LIQUIDITY: The People's Bank of China (PBOC) skipped open market operations on Wednesday. This resulted in a net drain of CNY50 billion given the maturity of CNY50 billion of reverse repos, according to Wind Information. The liquidity in the banking system is at a reasonable and ample level, the PBOC said on its website.

RATES: The seven-day weighted average interbank repo rate for depository institutions (DR007) increased to 2.1304% from 2.0443% on Tuesday, Wind Information showed. The overnight repo average rose to 1.9686% from the previous 1.6973%.

YUAN: The currency strengthened to 6.7370 against the dollar from 6.7385 on Tuesday. The PBOC set the dollar-yuan central parity rate higher at 6.7473, compared with 6.7296 on Tuesday.

BONDS: The yield on the 10-year China Government Bond was last at 3.2100%, up from the close of 3.1875% on Tuesday, according to Wind Information.

STOCKS: The Shanghai Composite Index declined 0.56% to 3,340.78, while the CSI300 index lost 0.66% to 4,807.10. Hong Kong Hang Seng Index edged up 0.07% to 24667.09.

FROM THE PRESS: The PBOC is likely to roll over maturing MLFs with additional injections while keeping rates unchanged on Thursday, according to Securities Daily citing Wang Qing, the chief analyst with Golden Credit Rating. The added liquidity is to help commercial banks that have been forbidden to attract deposits through offering higher returns, Wang said. The PBOC will likely keep the MLF rate unchanged as the economy is already recovering, Wang said. CNY200 billion in MLF will mature on Friday, the Daily said.

China should tackle unemployment and create more jobs through direct aids to businesses and protecting vulnerable groups such as students, migrant workers and people in difficulties, the Economic Information Daily, run by the official Xinhua News Agency, said in a commentary. The number of new jobs added in the first 8 months of 2020 was down 20.6% y/y, and the unemployment rate in August ticked up 0.4% y/y, the Daily reported citing the National Bureau of Statistics. China will enforce policies such as fiscal and tax support and optimize the business environment to provide direct support to industries heavily impacted by the pandemic, the newspaper said.
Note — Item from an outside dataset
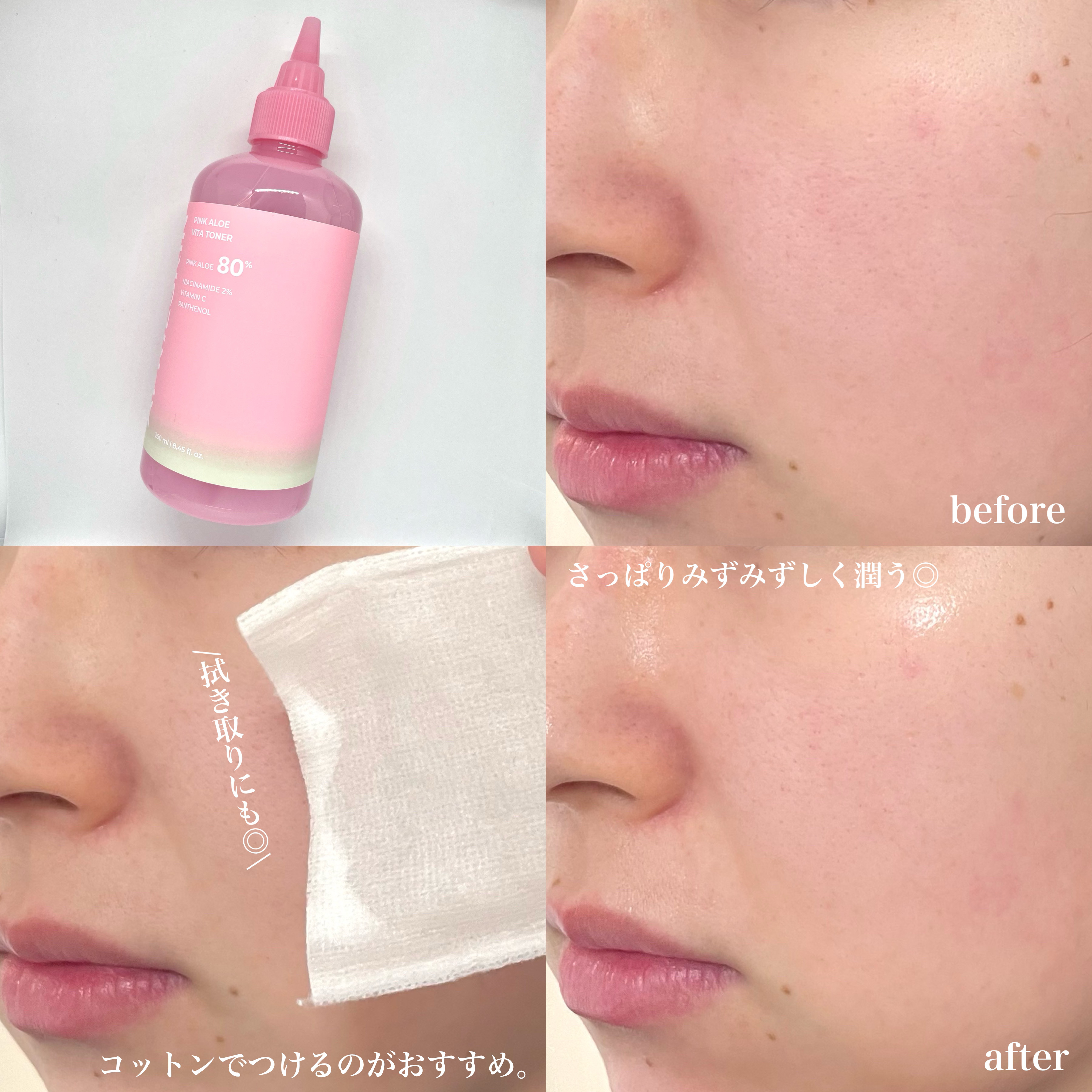 人気のピンクアロエシリーズから出ている化粧水︎💕︎︎ 鎮静効果がより高いピンクアロエが80%も配合されてるんだって! 飾ってても可愛いボトルだし、トンガリ部分が思ったより使いやすくてさらに好き😂!

Skills training, entrepreneurial support, and employment aids should be used to further stabilize the labour market, the Daily said.

Chinese real estate developers recorded the highest sales for the year in September even as authorities tightened regulations and financing conditions, China Securities Journal said citing Zhang Dawei, chief analyst with Centalin Property. Home sales rose 19% y/y last month, a clear sign that the housing market has recovered from the pandemic, Zhang said. Home sales remained at a high level during the Oct. 1-8 holiday, as the number of units sold increased 14% for larger cities, the Journal reported citing data from unnamed institutions.

China's commercial and passenger vehicle sales are likely to increase in Q4 due to consumption policy measures, increasing investment, and new product releases, the 21st Business Herald reported on Wednesday citing the China Association of Automobile Manufacturers. The production and sales of automobiles rose for the sixth month at 14.1% and 12.8% y/y respectively in September, the newspaper said citing data from the CAAM. The consumption potential for low-end domestic products has not yet been realized due to unemployment and reduced incomes, the newspaper said citing the CAAM. The new-energy vehicle market showed a steady recovery through reaching 48% and 67.7% y/y growth in production and sales in September, following promotions by both the government and businesses.